Australia–Japan test series
| Japan | Australia |
| Japan | Australia (converted) |
| 0 | 2 |

First test
| Japan | Australia |
| 32 | 35 |
- Match details
- Date: 8 August
- Venue: Hanazono Rugby Stadium, Higashiōsaka

Second test
| Australia | Japan |
| 56 | 17 |
- Match details
- Date: 15 August
- Venue: North Queensland Stadium, Townsville

= 2026 Australia–Japan rugby union test series =

The Australia and Japan national rugby teams toured each other in a two-test, home-and-away series in August 2026. The tour was known as the 2026 Lipovitan-D Challenge Cup in Japan (リポビタンDチャレンジカップ2026), and the 2026 Flight Centre Series in Australia for sponsorship reasons. The matches were confirmed by Rugby Australia (RA) in November 2025 following the restructuring of the annual Rugby Championship into a revised cycle, under which the competition is held in three consecutive years (2027, 2028, 2029) before being postponed in the fourth (2030, to make way for the 2026 and 2030 New Zealand/South Africa tours.

Australia won the series 2–0 after defeating Japan in a close match in Osaka, before winning the series in the following test in Australia, winning by 39 points.

==Background==
Prior to 2017, encounters between Australia and Japan were sparse. The two nations met only four times in test matches: twice during Japan's 1975 tour of Australia, and twice in the Rugby World Cup (RWC). From 2017 onward, fixtures between the sides became more regular, and domestic teams from both countries began engaging in pre-season and post-season tours, most notably the Queensland Reds, New South Wales Waratahs, Saitama Wild Knights, and Kubota Spears.

The Australia–Japan rugby relationship intensified significantly during 2023–2024, following revelations by The Sydney Morning Herald that Wallabies head coach Eddie Jones had been in discussions regarding a return to the Japan national coaching role while still in charge of Australia during the 2023 Rugby World Cup. The episode attracted significant scrutiny in the Australian media (Eddie Jones § JRFU controversy).

==Schedule==

| Date | Venue | Home | Score | Away |
|---|---|---|---|---|
| 8 August | Hanazono Rugby Stadium, Higashiōsaka | Japan | 32–35 | Australia |
| 15 August | North Queensland Stadium, Townsville | Australia | 56–17 | Japan |

==Venues==
Australia's venue was confirmed on 26 November 2025, following Rugby Australia's release of their 2026 schedule. The venue, known as North Queensland Stadium and located in Townsville, had only hosted three test matches at the time of the announcement. In February 2026, the Japan Rugby Football Union released their 2026 schedule, and revealed their home test would be played at Hanazono Rugby Stadium in Higashiōsaka. Both teams were yet to face one another at each other's designated home venues, with Japan having not played Australia on Australian soil since the inaugural Rugby World Cup in 1987.

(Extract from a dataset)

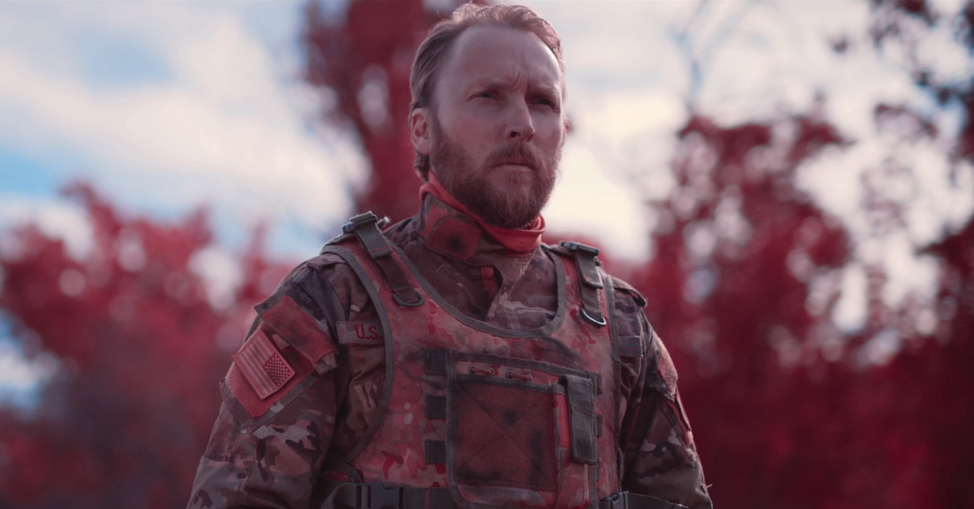 Picture this: you have a scintillating discussion on hand about a cruel subject that permeates our world today, and surely one that will continue to be discussed for centuries to come. And Joshua Close’s Slinger gives an endearing performance, one that showcases his weight after his work in Killers of the Flower Moon, Wayward, and Monica. However, he exists as a vessel to foster Davidman’s vision about the impact of PTSD and masculinity in our world. There’s no other conflict we can hook onto to keep engagement, other than glimpses of turmoil with his son and other family members/friends. Some scarce moments of reflection do keep the feature afloat, such as his obsessive dismantling and refitting of his firearm or his interactions with Emmett (Jamir Vega). Still, it doesn’t probe further into what he needs to resolve to become a better person or how to learn from this.

| JPN Japan | 1100km 684miles21 Location of the Australia–Japan test Series venues: Japan; 1 Hanazono Rugby Stadium, Higashiōsaka; / Australia; 2 North Queensland Stadium, Townsville; |
Higashiōsaka
Hanazono Rugby Stadium
Capacity: 30,000
AUS Australia
Townsville
North Queensland Stadium
Capacity: 25,455

==Squads==
Caps and ages are as of the first match of the series (8 August 2026).

===Australia===
On 23 July 2026, new coach Les Kiss named a 34-man squad ahead of the two-test series against Japan. Only three new players were named in the team from Australia's previous squad that took part in the 2026 Nations Championship Southern Hemisphere Series in June.

On 5 August, Massimo de Lutiis was added to the Wallabies squad as training cover for Zane Nonggorr who suffered a minor calf strain.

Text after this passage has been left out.